My backup situation is totally squared away now.. What my concern is in
relation to what happened during my last Powermail upgrade... After doing
the upgrade I couldn't read any of my email because my key was in an
email somewhere....  Because I couldn't enter the key, I couldn't read my
email... (the chicken-and-egg thing)..  I now know that there is sort-of
a solution to this because of the attachments folder (although, now I
realize that even this is not going to be reliable because of the issue
we are now discussing)...

The bottom line is, my email is vital - that's why I bought Powermail in
the first place... If something goes bad with it again, I at least need
to be able to get at my old email without jumping through a bunch of
hoops.. In my current situation I can fire up any email client and
redownload all of my email from the archive account and also have access
to that repository remotely, which I often travel so it is very helpful...

My solution works very well for me and leaves me a warm comfy feeling,
except when Powermail isn't saving the attachments when a message is
redirected.....

It seems really odd to me that emails which are DELETED leave their
attachments laying around (and using up my hard disk space!  do you know
how hard it is to track all this garbage down and manually delete it?)
and messages which are redirected do not....

This is definitely frustrating because of the inconsistent logic which
seems to be applied to how attachments are handled...

All of that being said -- I did actually find a solution to this...  It
turns out that if you first MOVE the message into the folder and then
redirect it that the attachment remains....  Of course, the message has a
status of "redirected" so you need to set it back to "unread"...

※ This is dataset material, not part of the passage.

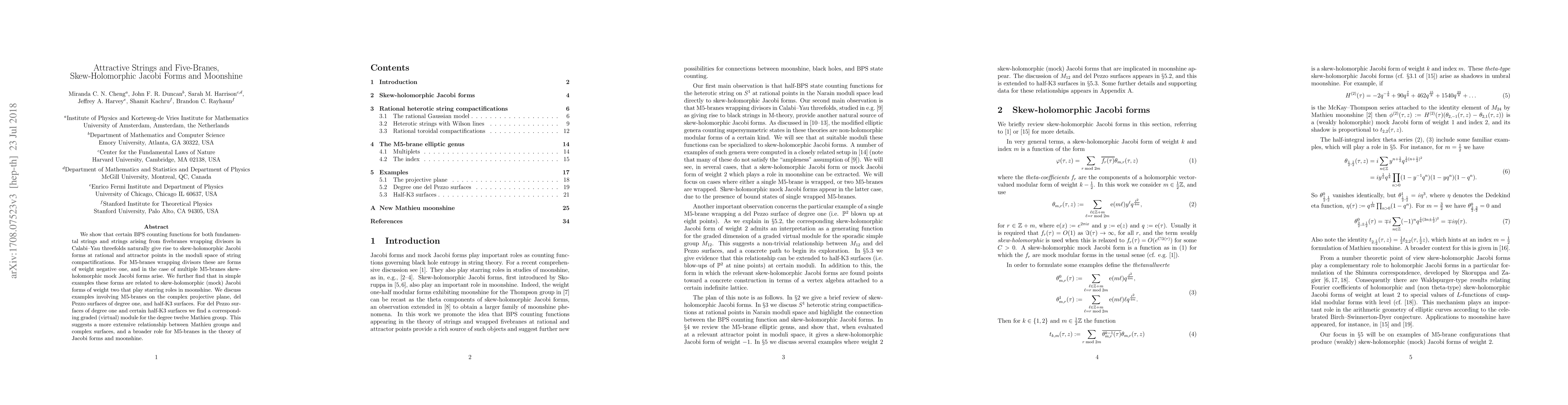 This paper explores how BPS counting functions related to fundamental strings and five-branes in string theory yield skew-holomorphic Jacobi forms, with connections to moonshine phenomena via graded modules for the Mathieu group. The study identifies specific examples involving M5-branes on complex projective planes and del Pezzo surfaces.

... yet more attachment inconsistencies....  As long as I don't upgrade
ever again I won't have to worry about this behavior changing, I guess....

- Greg

>understandable if you do not want to wade 2x through spam.
>
>easiest solution then - make a backup every day and if you can a copy to
>an external drive. then, like 1x a month, you just burn all important
>data to a CDR. you anyhow should have means of backing up your computer,
>you REALLY don't want to loose important stuff in that case that your
>drive dies or something like that. rare, but it DOES happen. i make a
>daily copy of my database (sheduled via ical and applescript) plus a
>daily 'backup' copy to an external firewire drive (via synch!) and when
>i'm not too lazy and find the time, i clean up my drive and burn stuff to
>CDR (sooo cheap) or DVD (cheap now too) and have so my backups. if the
>house burns down, oh well. but else, i don't worry too much (used to do
>also weekly backup to tape, but became too clunky at this point for me,
>so I dropped that).
>
>just trying to point out that some kind of backup, regularly, would
>probably be the best - and then you do not need to go through any hoops
>of changing filters. or forwarding etc etc... - also, make SURE you work
>always on copies when you upgrade - ANY - software. it is also a good
>idea to backup drives before upgrading operating system (my opinion and
>experience).
>
>as frustrating the momentary situation right now seems to you, i am sure
>that some improved environment can be created.